De semáforos y otros avisos

Un amigo me dijo un día que él era como un semáforo fuera de tiempo: que prendía la luz verde cuando debía dar el alto y a su vez, la roja cuando en realidad debía dar el paso. Claro que a él le parecía que a fin de cuentas, cumplía su cometido porque igual funcionaba. Es decir que completamente dañado no estaba, a su criterio.

Aunque yo no puedo dejar de imaginarme el desastroso resultado de combinar dos semáforos con luz verde en una intersección al estilo de cualquiera de las transitadas vías de Caracas, con motorizados y viejitas cruzando incluidos.

O si no, en sentido figurado: si dos personas tienen sus luces a la misma vez en rojo brillante, ninguna de las dos nunca jamás dará el primer paso que es necesario para el encuentro. Y si las dos nunca logran ponerse en verde a la vez, entonces todo el espacio temporal que les sea dado sobre esta tierra se la pasarán en una continua desincronización.

Por eso es que, dentro de las interrogantes que suelen formarse en mi cabeza cuando mis seres cercanos me dicen cosas así, me pregunto cuántas cosas no dejamos de pasar cada día, todos los días, sencillamente por tener una luz roja de alerta prendida durante bastante tiempo dentro de nuestras cabezas.

Por lo menos, dentro de la mía casi siempre hay una luz intermitente, a veces roja, a veces color ámbar como las de los carros de policía de las películas gringas. Además mi luz de alerta tiene incorporado un sistema estéreo con la voz de mi subconsciente. “Cuidado”, “¡Corre!”, “Este lo que quiere es fregarte la paciencia”, y así mil locuciones más por el estilo, en este aprendido vivir a la defensiva, así sea con los seres que están más próximos a uno.
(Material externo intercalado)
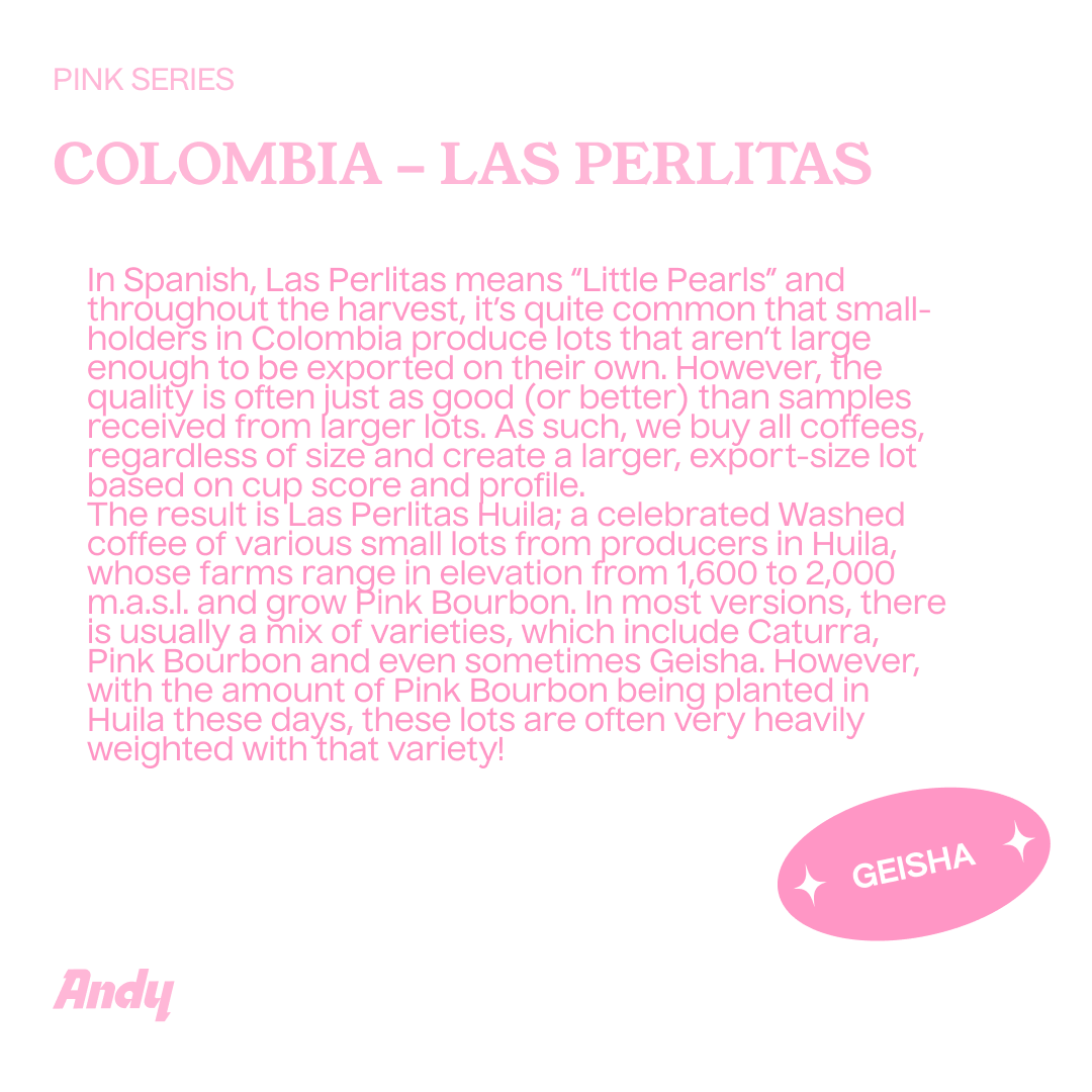 In Spanish, Las Perlitas means “Little Pearls” and throughout the harvest, it’s quite common that small-holders in Colombia produce lots that aren’t large enough to be exported on their own. However, the quality is often just as good (or better) than samples received from larger lots. As such, we buy all coffees, regardless of size and create a larger, export-size lot based on cup score and profile. The result is Las Perlitas Huila; a celebrated Washed coffee of various small lots from producers in Huila, whose farms range in elevation from 1,600 to 2,000 m.a.s.l. and grow Pink Bourbon. In most versions, there is usually a mix of varieties, which include Caturra, Pink Bourbon and even sometimes Geisha. However, with the amount of Pink Bourbon being planted in Huila these days, these lots are often very heavily weighted with that variety!

Es que casi nunca, en esta agitada vida que solemos llevar, proximidad es sinónimo de cercanía. Así sea que nos conocemos desde hace mil años, porque íbamos al kínder juntos cuando el mundo era tan multicolor y extraño como el submarino amarillo de John, o que somos vecinos y subimos todos los días al mismo autobús para entrar y salir de nuestras casas, eso no es garantía para que yo sepa qué es lo que pasa dentro de tu cabeza, y mucho menos para que tú sepas que pasa dentro de la mía.

Entonces creo que sería estupendo que todos los semáforos virtuales (no los caraqueños) dejaran de funcionar a la vez, y lográramos aceptar al otro, a los otros, no como desconocidos, sino más bien como seres que, a pesar de las diferencias que puedan existir, estamos hechos todos de la misma carne, sangre, huesos y ondas cerebrales.